Hybrid discs are a failure; discs won't play and cause confusion



An attempt to create a disc that plays in any CD or DVD-player
has resulted in a failure according to an international working
group, a consortium of fifteen members of the DVD Forum.


The group came to the conclusion that the Multi Format hybrid
discs, pressed by Warner, simply cannot be played properly by existing
players and would cause severe confusion in the market:


In an attempt to produce one disc that does it all, experimental
Multi Format hybrid discs were pressed by Warner. The discs have a CD
layer of the usual thickness, 1.2 millimetres, and a DVD layer halfway
down at 0.6 mm. The two layers are separated by a semi-reflective film,
which lets infra-red laser light through to the CD layer but reflects the
red laser light used to read DVDs.


The problem is that existing DVD players,
which are designed to play both DVDs and CDs, get confused when faced with
the hybrid disc. Half the DVD-Audio players used in the tests incorrectly
played the Multi Format discs as simple CDs, and a quarter of them either
refused to play at all or gave random results. And nearly two-thirds of
the DVD-Video players incorrectly played the hybrids as CDs; and a fifth
of the players refused or worked randomly.

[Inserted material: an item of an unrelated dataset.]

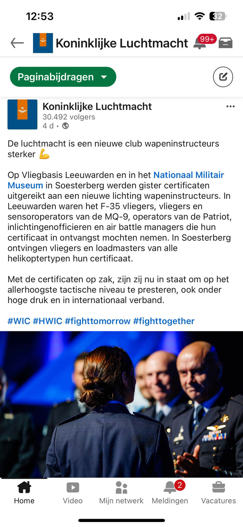 Op Vliegbasis Leeuwarden en in het Nationaal Militair Museum in Soesterberg werden de certificaten uitgereikt aan een nieuwe lichting wapeninstructeurs. Op Leeuwarden kregen F-35-vliegers, vliegers en sensor-operators van de MQ-9, operators van de Patriot, inlichtingenofficieren en air battle managers hun certificaat. Op Soesterberg ontvingen vliegers en loadmasters van alle helikoptertypen hun certificaat. Meer zien en lezen? Klik dan op deze link.
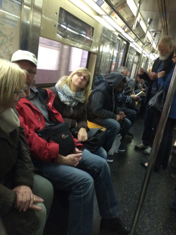 Nobody seems to recognize the celebrity in their midst. Letterman’s beard is ZZ Top-esque and a long way from his clean-shaven appearance on millions of TV screens every weekday evening. I slowly maneuver my iPhone to snap a photo while Letterman is looking down. Click. A couple stops later, I exit at 23rd Street and head west.

The collaborating companies are now trying a different
kind of hybrid, which bonds two different discs back-to-back. This gives a
double-sided disc with a CD layer on one side and a DVD layer on the
other.


However, this creates a different problem. The CD and
DVD standards set a thickness tolerance of -0.1 mm and +0.3 mm, meaning
the double-sided disc may be too thick to fit in some players. Making the
layers thinner might appear to be a solution, but this can spoil playback
as the transparent part of the disc plays a role in focusing the laser
that reads the data.


For now you can be sure that manufacturers will continue to
develop new hybrid discs. They offer an opportunity to get rid of all the
different standards (CD/DVD-video/DVD-audio) and a possibility to increase
overall (sound) quality of the media.